### EXERCISE GOAL
With the pictures omitted, print exactly the lines below, from the one containing "I was asked" through the one containing "A hero-style sandwich", and nothing else.

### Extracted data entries

'''

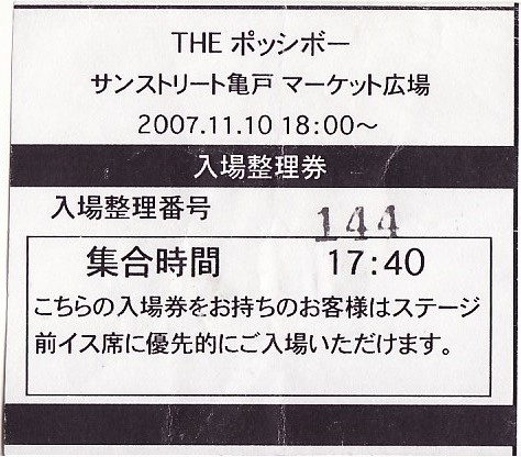 2007.11.10 THE ポッシボー「HAPPY15」発売記念イベント入場整理券
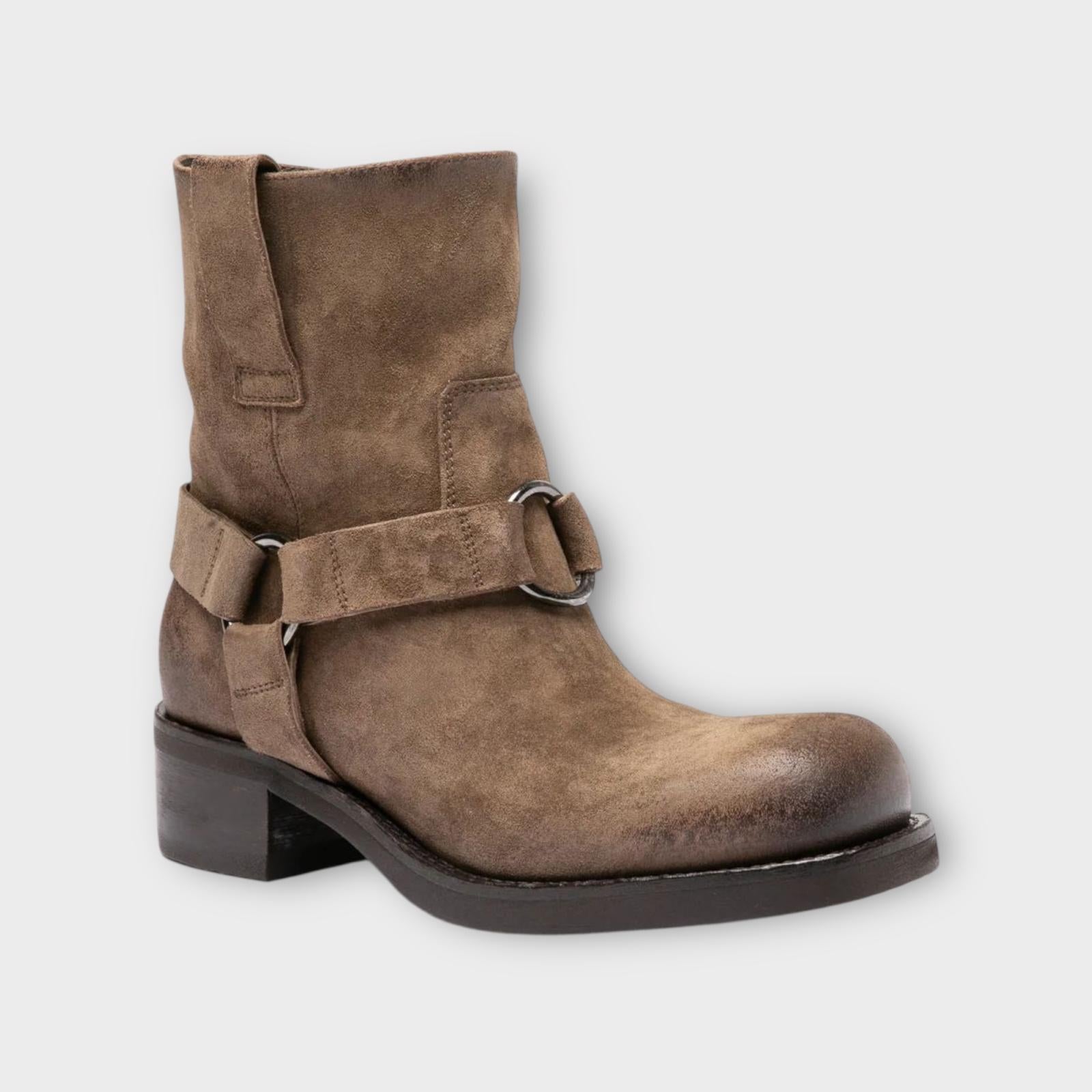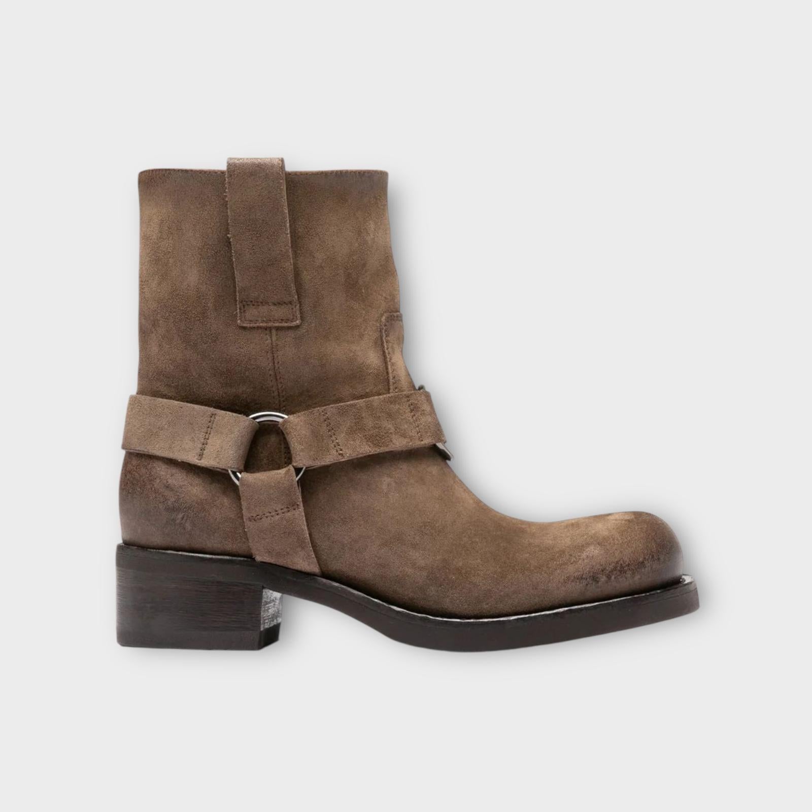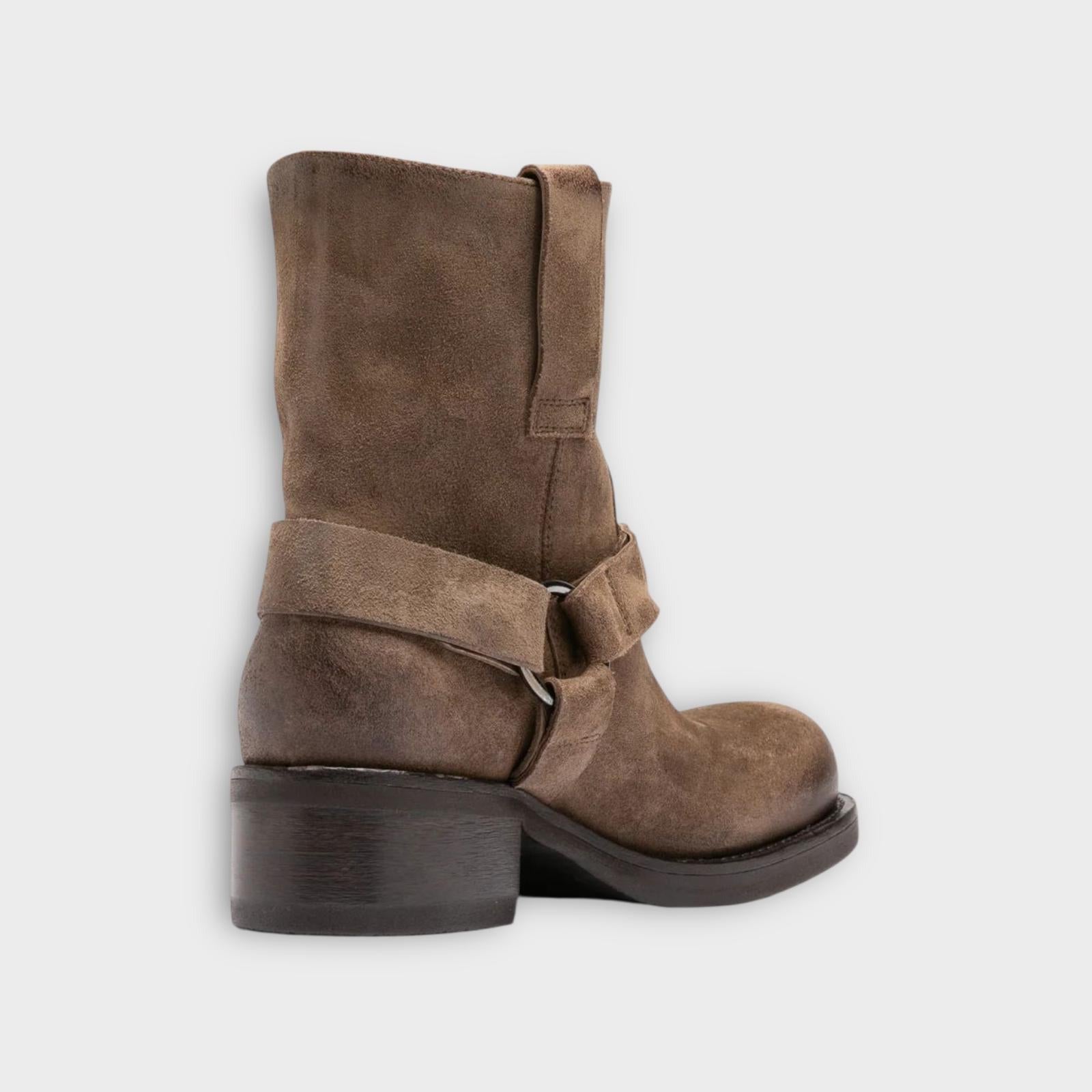 The Dana 003 boots are handcrafted from waxed taupe suede, featuring a pull-on silhouette enhanced by a harness strap and metal ring detail. A sturdy stacked heel provides stability, while the lightweight EVA sole ensures all-day comfort.
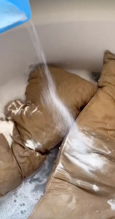 Ajo ka ndarë të gjithë procesin e pastrimit të jastëkëve në disa faza, ku i zhyt në ujë duke i lënë të qëndrojnë për disa orë.
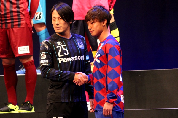 オープニングとともに登壇し、各開幕カードごとに選手が壇上に並びました。堀米選手は今シーズンの抱負を述べ、初戦で対戦するガンバ大阪の藤本選手と握手を交わしました。
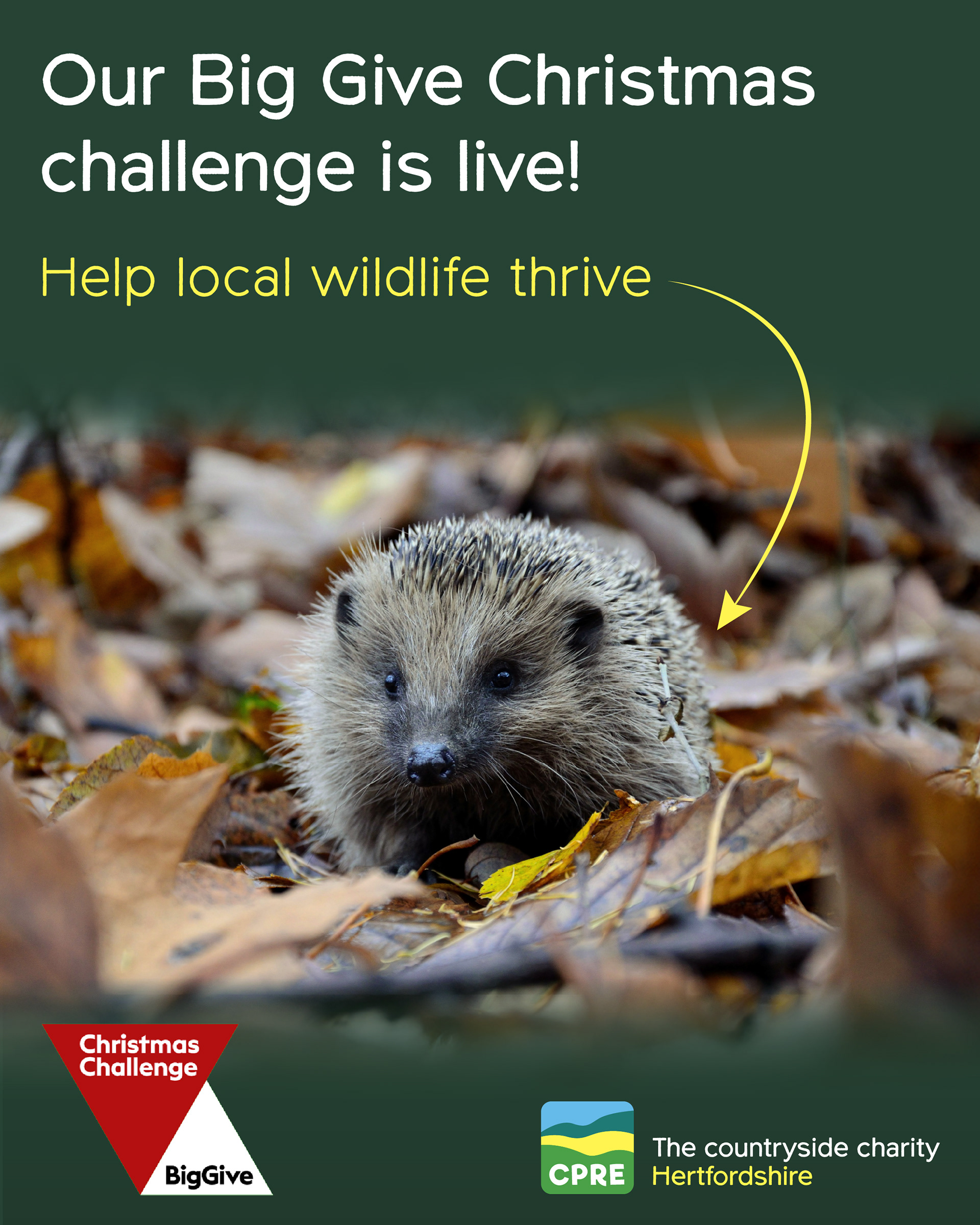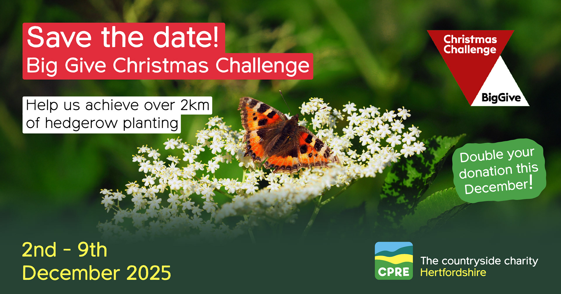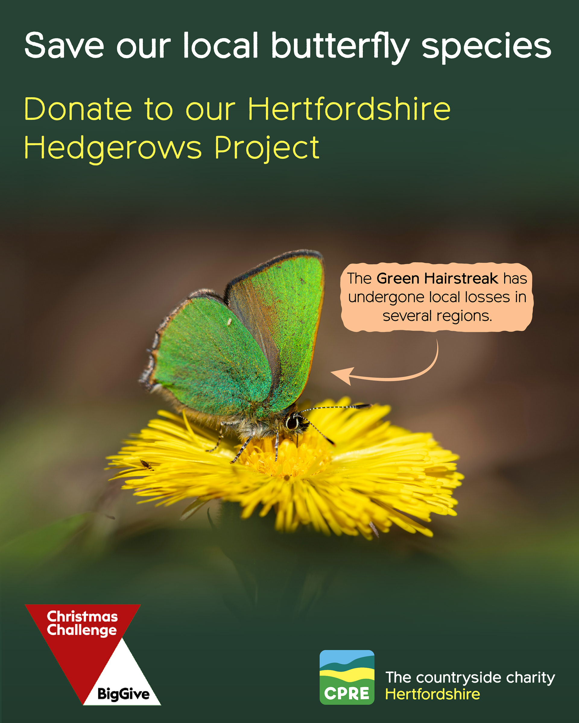 I was asked to design a set of impactful digital banners and social media images for a fundraising campaign centered around hedgerow loss in the UK. The campaign aimed to raise awareness of the environmental importance of hedgerows, both as biodiversity hotspots and as natural carbon sinks and to encourage public donations during the Big Give Christmas Challenge.
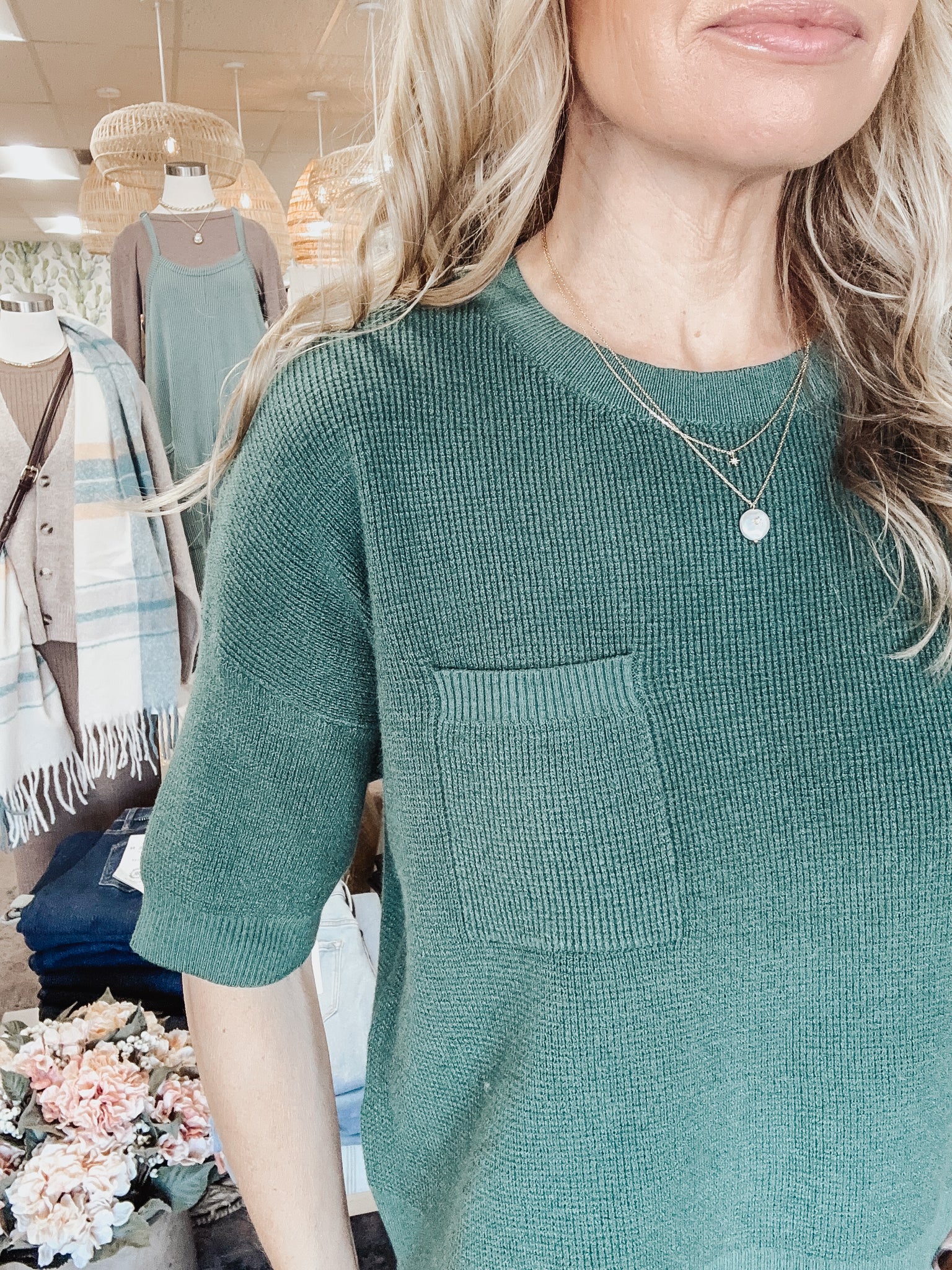 The Golden Hour Ribbed Tee is that easy, wear-anywhere staple you’ll keep reaching for. Made from a soft ribbed knit, this short sleeve tee features a relaxed yet flattering fit with a classic crew neckline and subtle texture that elevates the everyday tee.
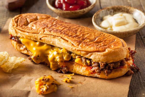 A hero-style sandwich with beef, cheese, lettuce, tomato, onion, and mayonnaise.
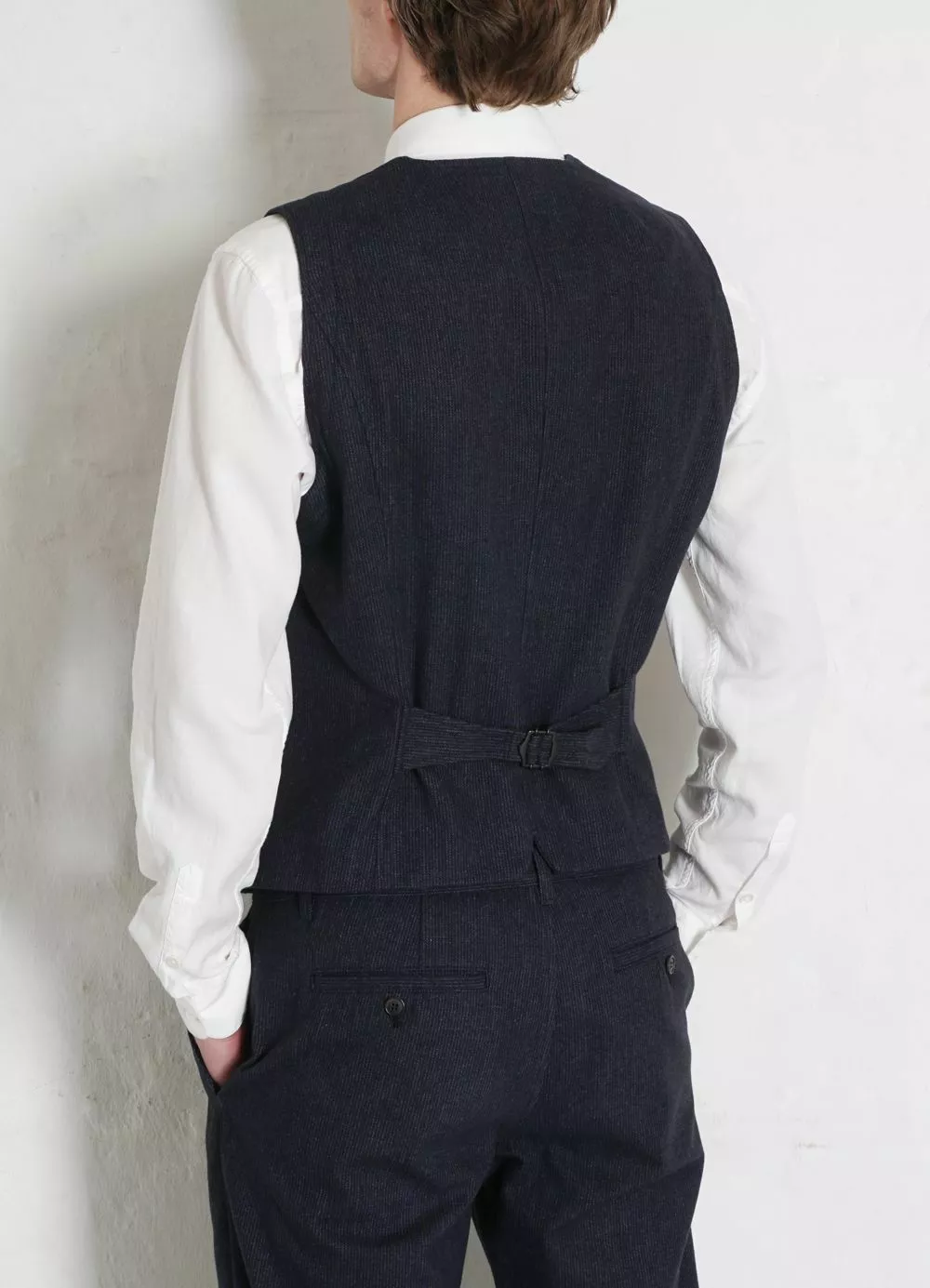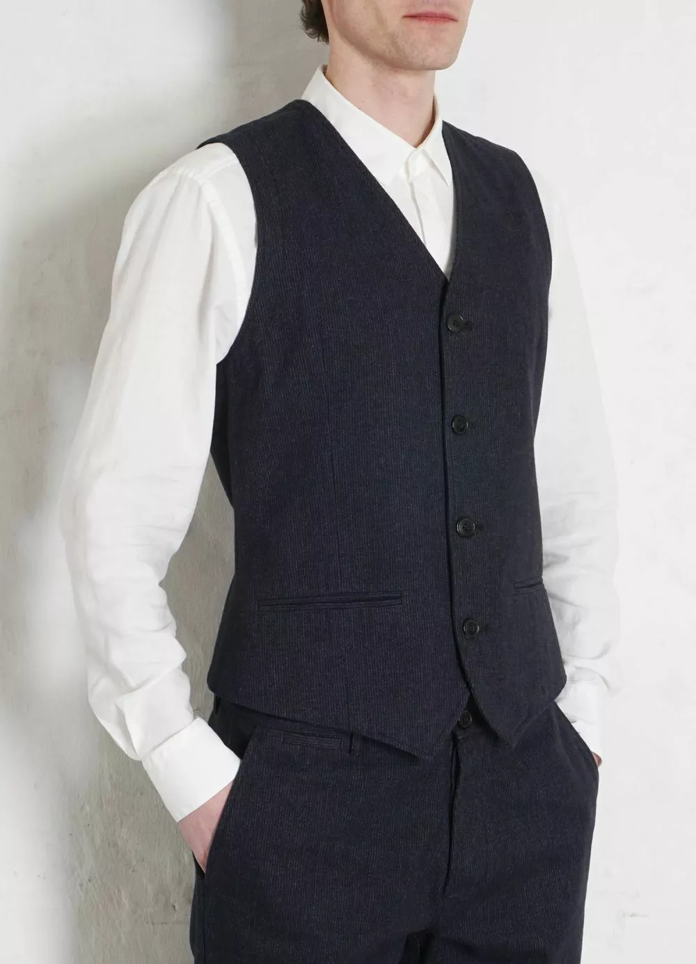 The 100% cotton fabric is yarn dyed, recycled and brushed. The yarns contain 30% recycled cotton fibres and comes with a brushed finish on both sides making it really soft and comfy to wear. The warp is set up with switching shades of blue pigment dyed yarns creating a nice uneven monochrome dark blue scaled small striped pattern.

'''

### REPLY TO THE TASK
 I was asked to design a set of impactful digital banners and social media images for a fundraising campaign centered around hedgerow loss in the UK. The campaign aimed to raise awareness of the environmental importance of hedgerows, both as biodiversity hotspots and as natural carbon sinks and to encourage public donations during the Big Give Christmas Challenge.
 The Golden Hour Ribbed Tee is that easy, wear-anywhere staple you’ll keep reaching for. Made from a soft ribbed knit, this short sleeve tee features a relaxed yet flattering fit with a classic crew neckline and subtle texture that elevates the everyday tee.
 A hero-style sandwich with beef, cheese, lettuce, tomato, onion, and mayonnaise.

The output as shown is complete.